The proposed Duke Energy Corp.-Piedmont Natural Gas Inc. tie-up is nearing final regulatory approval in North Carolina after the companies and the state’s consumer advocate agency, the Public Staff, submitted a proposed order last week approving the transaction.

The next step will be for the North Carolina Utilities Commission to review and rule on the proposed order, which would clear the way for the two Charlotte, NC-based utilities to complete their merger.

“This is another key step forward for the merger,” said Duke spokesman Dave Scanzoni, who noted that approval in North Carolina represents the last major procedural hurdle for the Duke-Piedmont tie-up. The deal has already received approval from the Federal Trade Commission, Tennessee regulators and Piedmont’s shareholders, he said.

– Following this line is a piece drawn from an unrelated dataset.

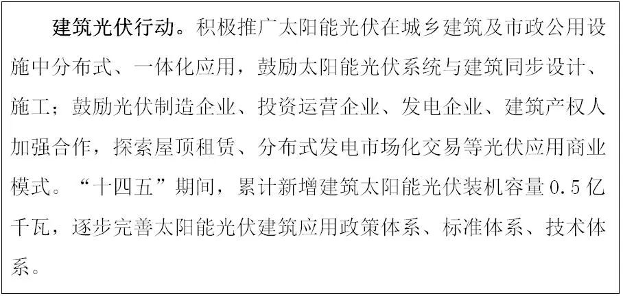 1.推动太阳能建筑应用。根据太阳能资源条件、建筑利用条件和用能需求,统筹太阳能光伏和太阳能光热系统建筑应用,宜电则电,宜热则热。推进新建建筑太阳能光伏一体化设计、施工、安装,鼓励政府投资公益性建筑加强太阳能光伏应用。加装建筑光伏的,应保证建筑或设施结构安全、防火安全,并应事先评估建筑屋顶、墙体、附属设施及市政公用设施上安装太阳能光伏系统的潜力。建筑太阳能光伏系统应具备即时断电并进入无危险状态的能力,且应与建筑本体牢固连接,保证不漏水不渗水。不符合安全要求的光伏系统应立即停用,弃用的建筑太阳能光伏系统必须及时拆除。开展以智能光伏系统为核心,以储能、建筑电力需求响应等新技术为载体的区域级光伏分布式应用示范。在城市酒店、学校和医院等有稳定热水需求的公共建筑中积极推广太阳能光热技术。在农村地区积极推广被动式太阳能房等适宜技术。

Duke is still looking to close the acquisition on or before the end of 2016, Scanzoni said.

Last October, Duke announced its plans to pay out $4.9 billion to acquire neighboring Piedmont, a move that would give Duke “a growing natural gas platform” (see Daily GPI, Oct. 26, 2015).

Under the deal, Piedmont would retain its name but become a wholly-owned subsidiary of Duke.

Duke CEO Lynn Good has pointed to the growing role of gas in the power stack as a benefit of acquiring Piedmont, though analysts have had their doubts about the synergy of the utilities’ respective operations (see Daily GPI, March 22).

Duke and Piedmont are both joint venture partners in the Atlantic Coast Pipeline LLC, a proposed Appalachian Basin-to-Southeast takeaway project headed up by Dominion Resources Inc. (see Daily GPI, Nov. 3, 2015).

The Southeast has been a hotbed for incremental natural gas demand growth, driven by coal-to-gas switching among electric generators, a trend examined in detail in NGI’s special report “Southern Exposure: Gas-Fired Generators Rising in the Southeast; But Will Northeast Gas Show Up?”